Benedict ve Francis’in pizza ve fanta eşliğinde günahlarını bir bir ortaya döktükleri bu açık sözlü konuşmadan sonra birbirlerine duydukları şefkat katlanarak artıyor. Ortak noktaları olan günahkârlıklarının birleştirici gücü sayesinde daha sıkı dost olan ikili, geçmişine sünger çekiyor ve aydınlık gelecek umudu ve halka daha yakın olmak gerçeğiyle salonu beraber terk ediyor. O andan sonra da geçmiş günahların kilisedeki sorumluları, papaların bu kişiler üzerindeki sorumlulukları ya da mağdur insanların içinde bulundukları durum bir daha asla konuşulmuyor. Tıpkı gerçek dünyada olduğu gibi.
Arjantin-Almanya maçı ile papaların gerçek görüntüleri eşliğinde devir teslimini başarıyla gerçekleştiren Benedict ve Francis’in hikâyesi, gelecekle ilgili umut vadederek neşeli bir şekilde son buluyor. Ne var ki bu durum, geçmişi değiştiremeyeceğimiz ve bu ikilinin zamanında işledikleri günahlarla ilgili hiçbir soruya cevap veremeyecek olmaları gerçeğini değiştirmiyor.
Ek olarak, bunları da bilmekte fayda var:
– Bu filmde Arjantin diktatörü tarafından zulme uğrayan karakteri canlandıran Jonathan Pryce, aynı zamanda Argentine in Evita (1996) filminde kendine o zulmü yapan diktatör Juan Peron’u da oynamıştır.

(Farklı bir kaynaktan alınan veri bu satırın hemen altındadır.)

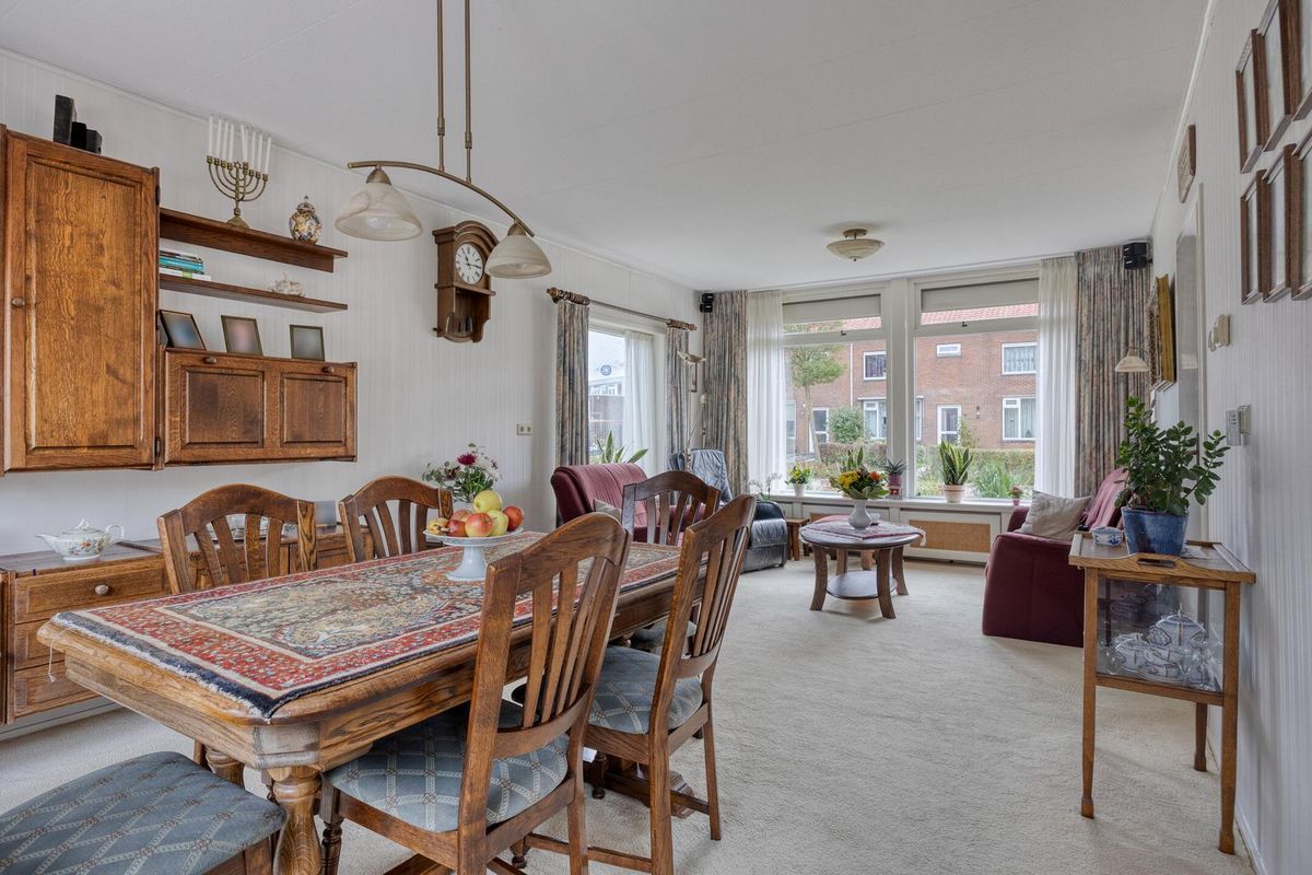 Doorzon-woonkamer met telefoon aansluiting, elektrisch bedienbare rolluiken (voor- en achterzijde) en radiator-lambrisering.
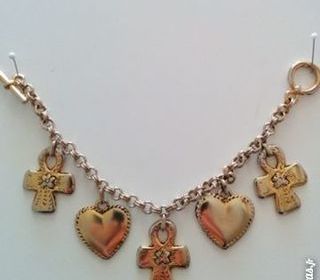 A vendre ce bracelet fantaisie avec des breloques en forme de coeurs ou de croix Longueur du bracelet = 18 cm Hauteur des breloques = 2,8 cm Très bon état
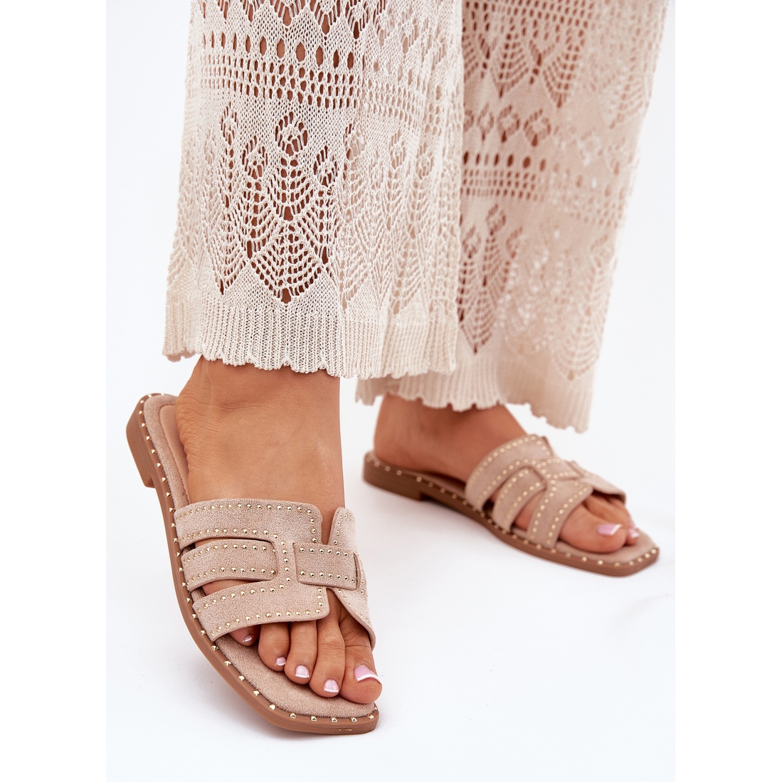 Inna marka Díszített lapos papucs flopok khaki bézs
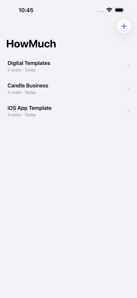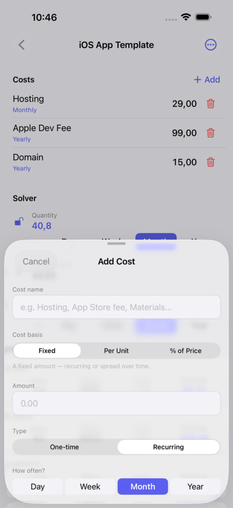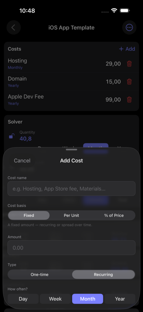 Flexible costs. Mix one-time and recurring costs with any cadence — daily, weekly, monthly, or yearly. HowMuch normalises everything automatically.
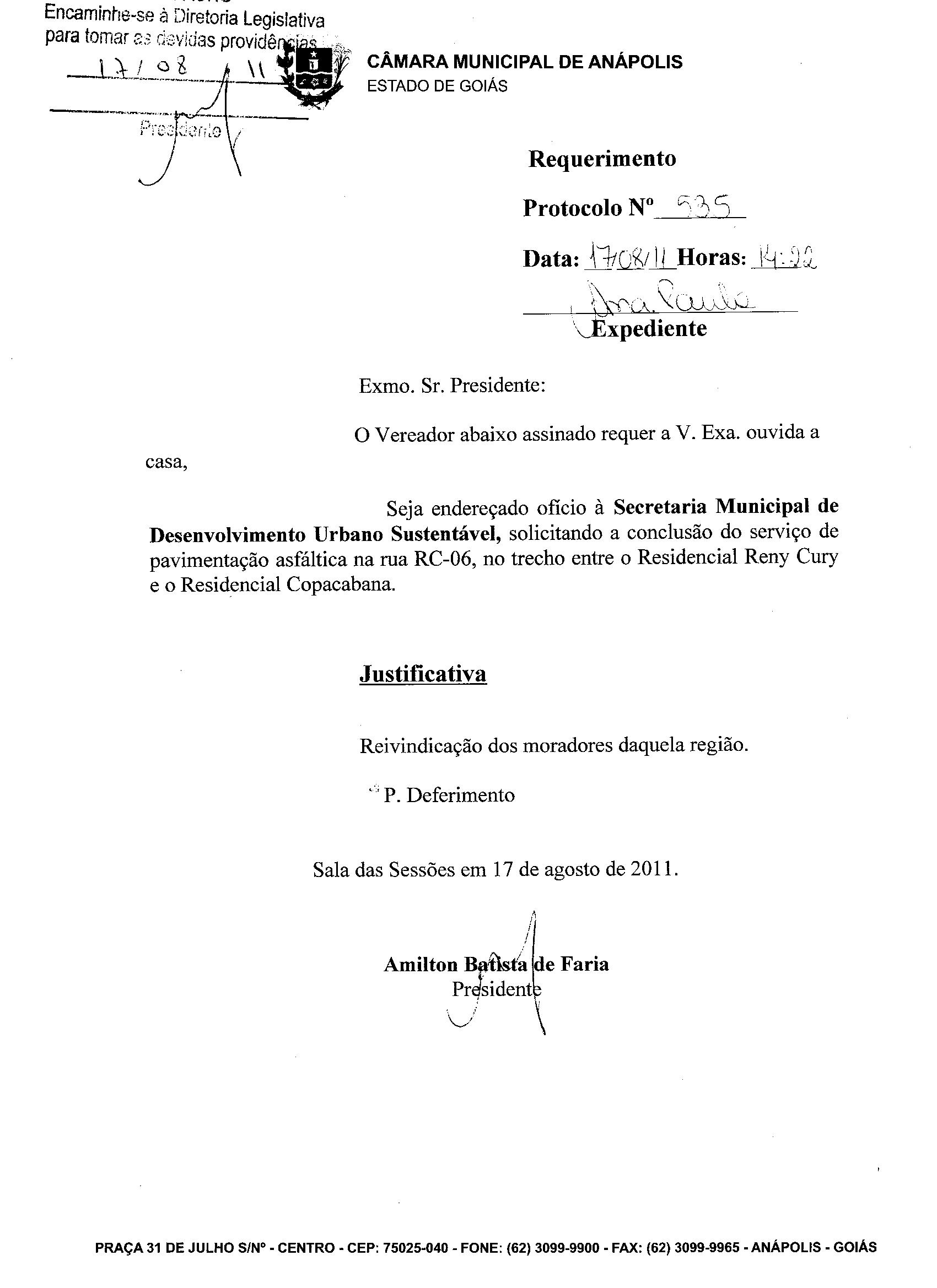 O VEREADOR ABAIXO ASSINADO REQUER A V.EXA.,OUVIDA A CASA,SEJA ENDEREÇADO OFÍCIO À SECRETARIA MUNICIPAL DE DESENVOLVIMENTO URBANO SUSTENTÁVEL, SOLICITANDO A CONCLUSÃO DO SERVIÇO DE PAVIMENTAÇÃO ASFÁLTICA NA RUA RC-06, NO TRECHO ENTRE O RESIDENCIAL RENY CURY E O RESIDENCIAL COPACABANA.
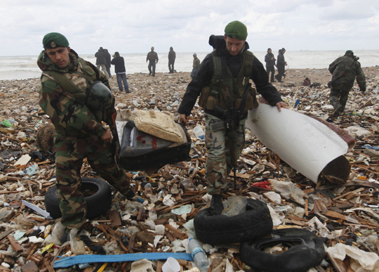 目前,有關(guān)方面已經(jīng)鎖定了飛機(jī)墜海的地點(diǎn),為黎巴嫩沿海小鎮(zhèn)納阿梅以西約3.5公里海域。飛機(jī)墜毀后幾個小時,一些殘骸和機(jī)上物品被沖上了附近的海岸,包括座椅、嬰兒鞋、滅火器、手提箱和藥瓶等。
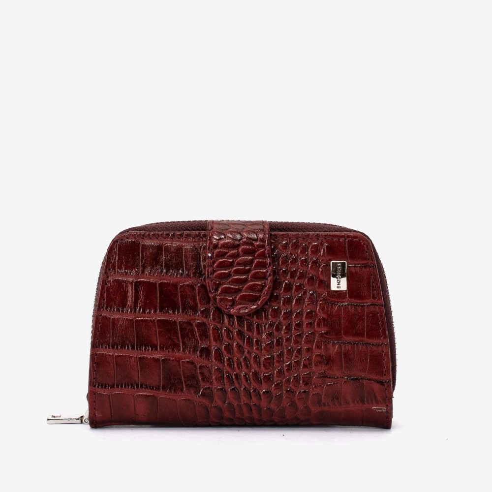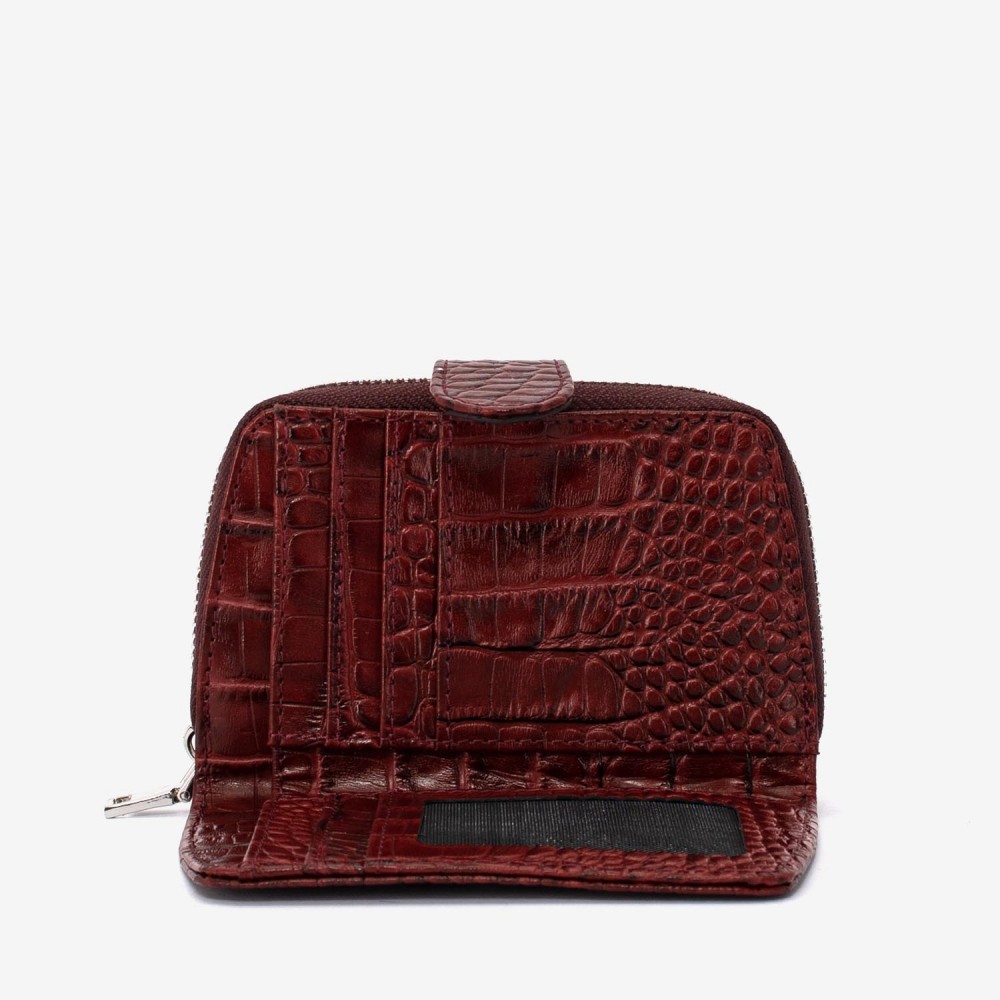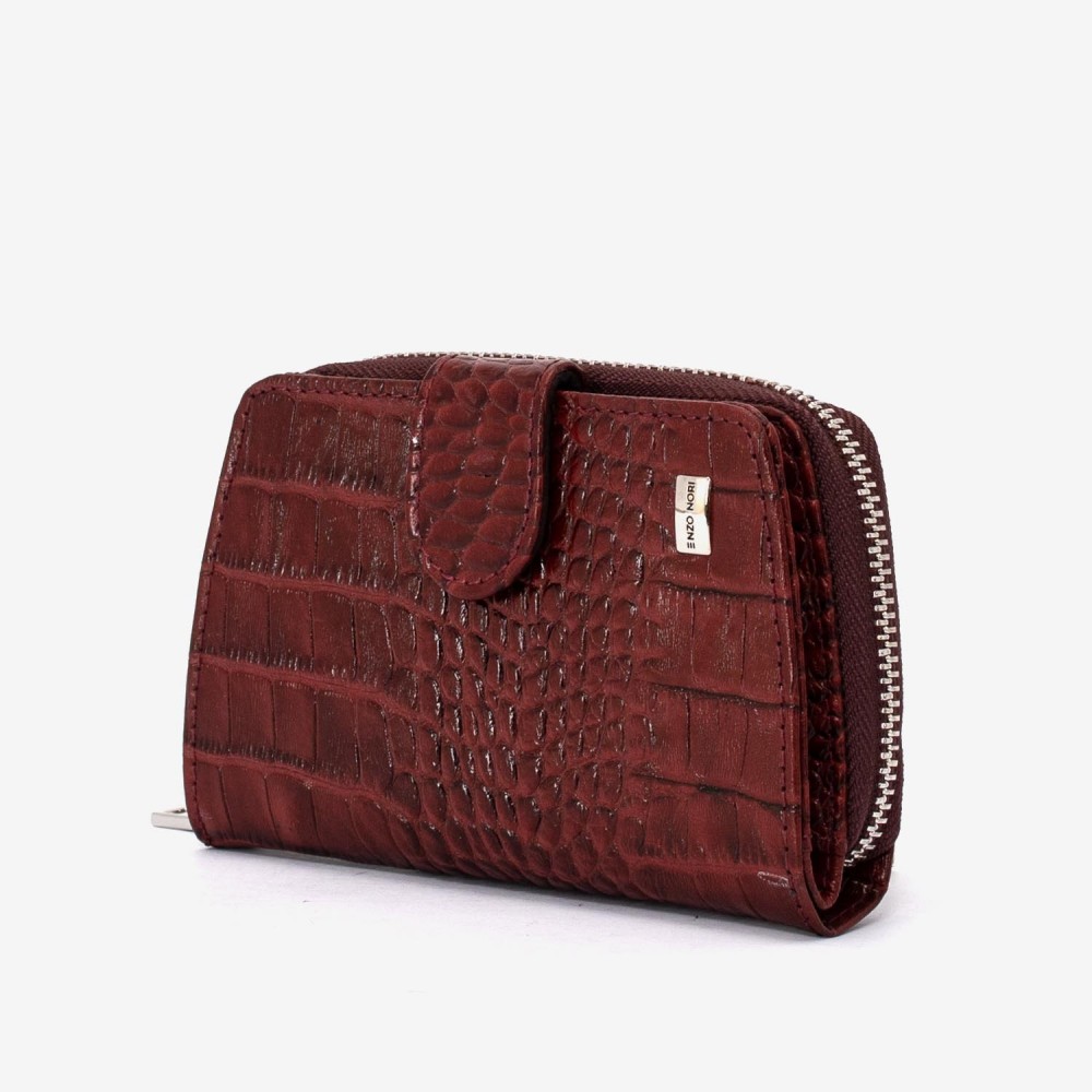 Portofel dama ENZO NORI model CASTEL piele naturala rosu cu imprimeu

– Vatikan, çekimler için Netflix’i reddedince önce 10 hafta süren Sisine Şapel’in birebir modellenme çalışması yapılmış ve çekimlere daha sonra başlanmıştır.
– Filme konu olmuş görüşmenin varlığına dair hiçbir kanıt yoktur.
Ahmet Ozan Tekin
Ahmet Ozan Tekin ‘ e teşekkür ederim , gerçekten çok iyi bir analiz yapmış ve filmin dikkat edilmesi gereken unsurlarına ve diyaloglarına dikkat çekmiş .
Film hakkındaki yorumları ile bizi bilgilendiriği için Ahmet beye teşekkür ediyorum.